I originally designed the whole system around GoCardless Bank Account Data. They offered free Open Banking API access to UK bank accounts, a webhook-driven model, and good documentation — exactly what I needed. The architecture doc, the implementation plan, and the first few modules were all built around their API.

Then I discovered, mid-build, that GoCardless had quietly stopped accepting new signups. No announcement. No deprecation notice. The login page had no link to register — just a message saying new signups were closed. It appears to be a quiet wind-down of the free self-service tier while existing users retain access.

So I evaluated alternatives:

Provider Verdict
Tink (Visa)Free sandbox, but states "business use only"
PlaidSandbox free, but more US-centric
YapilyEnterprise-only, no self-service free tier
Enable BankingUK coverage uncertain, requires sales quote
TrueLayerUK-native, free sandbox, no limits, Mock Bank with test credentials

TrueLayer won. It's UK-native, the sandbox is genuinely free with no expiry, and you don't need a commercial agreement or FCA registration to use it. The Mock Bank provides a full end-to-end flow with test credentials.

However, it's a fundamentally different integration model. GoCardless uses webhooks — they push events to you when accounts are discovered and transactions are ready. TrueLayer's Data API is synchronous — after consent, you pull the data yourself.

The architecture survived the pivot because the queue-based decoupling meant only "what triggers the message" changed, not "what processes it." The webhook Lambda became unnecessary, but the SQS-to-processor pattern stayed. The lesson: loose coupling paid off on day one.

How Claude Code Built It

The build happened in roughly five stages across two days.

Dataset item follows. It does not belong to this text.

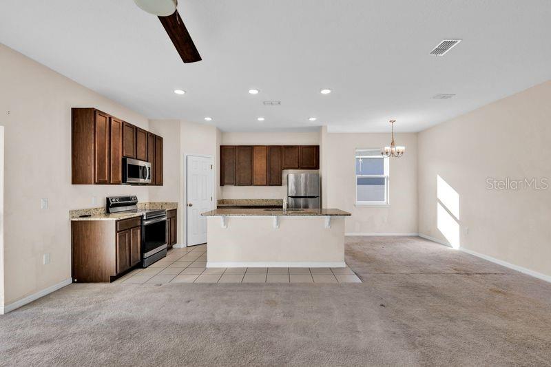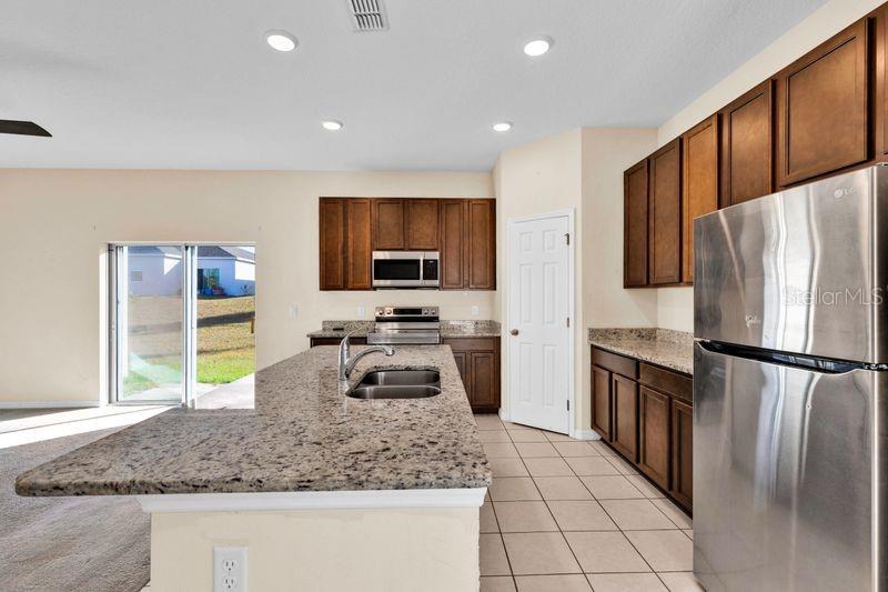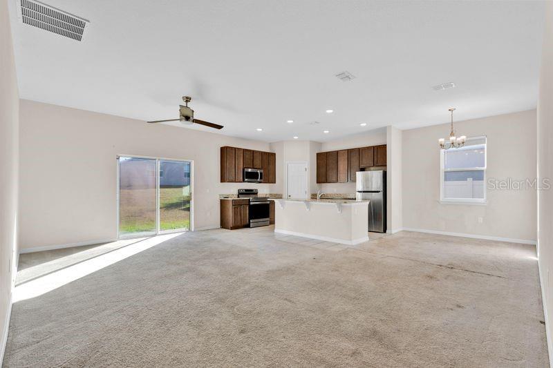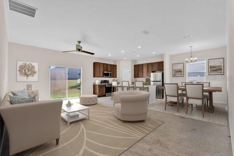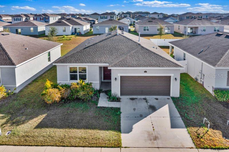 One or more photo(s) has been virtually staged. Beautiful 4 bedroom home in Lake Denham Estates-Leesburg. Welcome to this stunning single family home built in 2022, offering nearly 2200 sq ft of modern living space. Designed with comfort and convenience in mind, this residence features an open floor plan with split bedrooms, perfect for both everyday living and entertaining. Home features 4 spacious bedrooms and 2 full baths. Open concept living and dining areas with tile flooring throughout. Stylish kitchen with stone countertops, breakfast bar and pantry. Primary suite with privacy from guest/ family bedrooms. Sliding glass doors leading to the backyard. Two car attached garage. Pool and playground for family fun. Nestled off Hwy 27 for added serenity and privacy. Just 10 minutes to the Florida Turnpike and downtown Leesburg. This home combines modern style with a peaceful community setting. Seller is selling AS IS.

I'll go deep on the most interesting moment — the provider pivot — because that's where AI-assisted development felt most different from working alone.

Design phase. I described the requirements in plain English. Claude produced the architecture document and a phased implementation plan, both of which are still in the repo. This was the most valuable output — not code, but structure. Ten phases, each with test-first development, clear module boundaries, and explicit verification steps.

Scaffold and modules. I built the Terraform modules one at a time, following the plan. Each module came with tests — terraform test for infrastructure and vitest for the Node.js Lambdas. The data-processing Lambda turned out to need Python (more on that shortly), so pytest joined the toolchain. TDD meant fewer "it compiles but doesn't work" surprises.

The pivot. When I discovered GoCardless was unavailable, I described the constraint to Claude. It produced the ADR (architecture decision record), rewrote the implementation plan, and migrated all the Lambda code. The connection-based model — replacing GoCardless's requisition-based approach — was its suggestion. A fundamental architecture change, handled calmly and systematically. No panic, no throwaway prototypes. Just: here's the decision, here's the rationale, here's the new code.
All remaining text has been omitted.